A Little Sympathy, and Not One Ounce More
Here is where something I did not expect crept in. A little (very little) sympathy for the men with the swords.
Because I had every advantage. I was raised by a loving mother whose presence gave me a secure foundation to build my life. My whole vocation as musician and artist pried my feminine open and called it a career. I had a song in my heart and a paintbrush in my hand and decades of permission to use them. Yet it still took me until my fifties to see my own anima staring back at me from my own canvases.
So I do the arithmetic, and it humbles me. If it took me that long, with all of that going for me, how unreachably far away is the anima for a man who was taught from birth to fear her? A man with no brush, no permission, no loving and secure beginning, who was handed a sword as a boy and told the feminine was the enemy?
These men love to watch other mostly nude men fight in a cage. They will pay anything to see a man wrestle another man to the ground. But why have they never found the courage to wrestle the woman inside themselves? What if this were the only fight that would set them free?

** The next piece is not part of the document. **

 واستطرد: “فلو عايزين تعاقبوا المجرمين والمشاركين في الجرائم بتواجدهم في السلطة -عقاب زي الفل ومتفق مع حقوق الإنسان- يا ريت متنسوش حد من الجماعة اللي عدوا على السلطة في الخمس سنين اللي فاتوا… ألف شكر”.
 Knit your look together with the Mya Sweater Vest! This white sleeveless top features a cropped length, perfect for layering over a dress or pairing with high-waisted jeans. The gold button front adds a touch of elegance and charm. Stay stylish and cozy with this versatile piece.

That is the whole tragedy. The fight they are terrified of is the one that would heal them. So they keep swinging the sword at her shadow in every powerful woman who walks past, and they never once suspect she has been living in their own heart the entire time.
It is sad. It is not an excuse. The weapon is still a weapon, and the people it cuts are still cut.

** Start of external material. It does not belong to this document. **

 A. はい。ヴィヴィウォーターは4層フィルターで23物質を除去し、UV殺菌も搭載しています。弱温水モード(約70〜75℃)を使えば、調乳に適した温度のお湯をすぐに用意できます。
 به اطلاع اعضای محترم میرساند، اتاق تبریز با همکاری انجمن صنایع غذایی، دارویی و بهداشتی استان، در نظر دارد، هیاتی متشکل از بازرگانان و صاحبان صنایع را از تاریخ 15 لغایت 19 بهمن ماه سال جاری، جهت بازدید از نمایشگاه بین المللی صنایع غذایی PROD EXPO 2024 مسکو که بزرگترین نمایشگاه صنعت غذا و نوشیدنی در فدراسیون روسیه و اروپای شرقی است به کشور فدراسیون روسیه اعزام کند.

What I Am Still Wrestling With
I told you at the start that I would not define femininity, and I have kept that promise, mostly because I no longer believe I can. The closer I look, the more the word stops describing the woman and starts describing whoever is looking. So I am going to do something else instead. I am going to ask you to join my wrestling match.
Picture the most feminine person you have ever known. Take a moment with it. See the face, the way they move, the thing about them that made the word rise up in you. Hold the image.
Now ask a friend to do the same. Compare what you see.
The pictures will probably not match. And sit with why. You were not describing a fact out in the world. You were each describing something wrestling inside yourselves, wearing a stranger’s face.
My friend sees one thing in Gina. I see another. Gina, I suspect, sees a third. And after twenty-five years at the easel I still cannot paint my anima the same way twice, because she was never one fixed thing. She was a living relationship with the deepest part of me, and she keeps changing as I do.
That gap, the space between your picture and your friend’s, is the whole thing. It is the most honest result of my wrestling, and it only raises more questions. What if femininity was never a single fact waiting to be defined, and assigned, and bolted into a cage, or wrestled into a corner, or pinned down in one final painting?
What if it was always a mirror? And every one of us has been gazing into it, certain we were finally seeing her, when all along we were only ever beginning to see ourselves.